Intervention de Mathilde Panot

Réunion du mardi 19 janvier 2021 à 17h30
Commission des affaires économiques

Photo issue du site de l'Assemblée nationale ou de WikipediaMathilde Panot :

Je ferai entendre, au nom du groupe La France insoumise, une voix discordante parce que, malheureusement, vous êtes incorrigibles. Les grands mots ne manquent pas, dans cette proposition de loi : gestion durable, fixation et stockage du CO2, protection et mise en valeur des bois et forêts. Ces grands principes sont légitimes et nous les partageons mais ils peuvent aussi ouvrir la voie à une exploitation intensive des forêts françaises. Notre groupe le répétera autant de fois que nécessaire : les forêts françaises ne sont pas qu'un gisement de bois.

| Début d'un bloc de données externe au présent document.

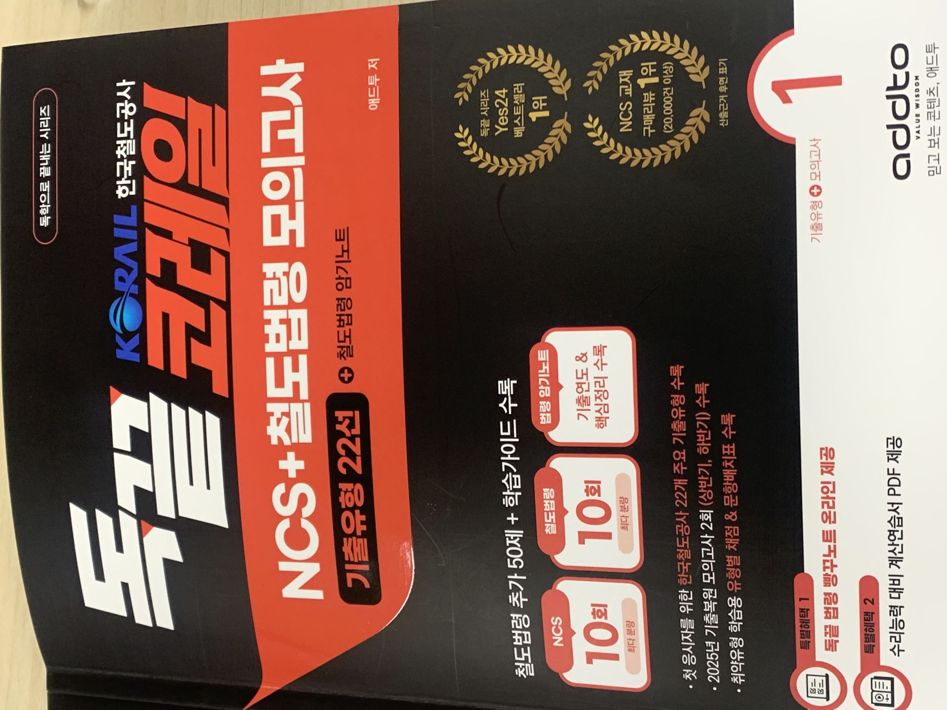 관련 내용을 찾아보다가 애드투 NSC 이석봉 강사님을 발견하게 되었고, 할인까지 받아 코레일NCS 파이널 합격 컷 강의를 수강했습니다. 책은 첨부된 이미지 참고 부탁드립니다 -> NCS공부를 처음 접하는 사람으로서 강의만 듣는거는 한계가 있다고 생각합니다. 교재로 다양한 유형을 접하는게 중요한 것 같습니다.

Vous proposez de simplifier l'accès des experts financiers aux cadastres, en vous appuyant sur cette phrase : « Ce dispositif a permis de favoriser l'entretien et l'exploitation des ressources forestières dans le cadre d'une gestion durable ». Disposons-nous d'un retour d'expérience qui détaillerait ses inconvénients et ses avantages, de l'avis des propriétaires, de renseignements sur la nature des campagnes d'information menées par les professionnels, de l'avis des maires, des associations ou du Centre national de la propriété forestière (CNPF) ? Nous n'avons rien !

Vous nous soumettez cette proposition de loi parce qu'elle répondrait à la demande unanime de la profession. Vous le savez aussi bien que moi : faciliter l'accès aux données cadastrales sans faire évoluer les pratiques forestières, c'est inaugurer la foire aux coupes rases et à la mal-forestation. Le petit foncier forestier ne dispose pas de documents de gestion agréés dont les prescriptions pourraient limiter l'intensité des coupes. Les coupes ne présentent d'intérêt économique qu'à condition d'être suffisamment fortes. On peut douter que le regroupement des petites parcelles limite leur intensité.

Contrairement à ce que vous prétendez, la récolte de bois, en soi, ne permet pas de protéger la forêt et elle contribue encore moins aux autres bienfaits que vous citez. Au contraire, une récolte abusive peut abîmer durablement une forêt et réduire sa capacité à stocker du carbone, ce qui irait à l'encontre de la lutte contre le dérèglement climatique. Seule une gestion raisonnée peut participer à l'intérêt général et c'est dans ce seul cadre que la récolte en fait partie. Je le répète : nous ne sommes pas atteints du syndrome « Idéfix » et la récolte de bois ne nous pose pas de problème. En revanche, nous refusons que le bois soit surexploité. De surcroît, le petit foncier forestier a une forte valeur environnementale, grâce à une proportion importante en libre évolution ou à la diversité de gestion, le plus souvent extensive. Il y a plus d'avantages écologiques à maintenir le statu quo que d'avantages économiques à intensifier l'exploitation de ces toutes petites forêts dont certaines sont gérées en coopérative, selon des méthodes alternatives.

Enfin, vous prévoyez de faciliter le démarchage des propriétaires forestiers alors que les pratiques des coopératives forestières sont souvent jugées agressives. Ces coopératives ont d'ailleurs tout intérêt à conseiller des coupes rases puisqu'elles sont en conflits d'intérêts. Il faudrait d'ailleurs que nous réglions un jour ce problème par la loi : elles vendent du conseil, des travaux, de la plantation et commercialisent le bois. Or on trouve dans notre territoire des milliers de sylviculteurs qui ont à cœur de développer un modèle forestier alternatif. Ils pratiquent une sylviculture douce, à couvert continu, avec des essences variées, plus résilientes au changement climatique. À long terme, ce type de sylviculture s'avère même plus rentable que la sylviculture intensive dont les travaux sont extrêmement coûteux pour les propriétaires. Il serait donc de votre responsabilité de les aider en priorité, plutôt que de laisser la main au marché, sans aucune garantie de gestion durable. Je partage les propos de M. Jumel concernant les moyens de l'Office national des forêts et le CNPF, qui a encore perdu trois effectifs cette année.

Bref, pour résumer : il nous semble inopportun de simplifier l'accès au cadastre si les pratiques forestières n'évoluent pas.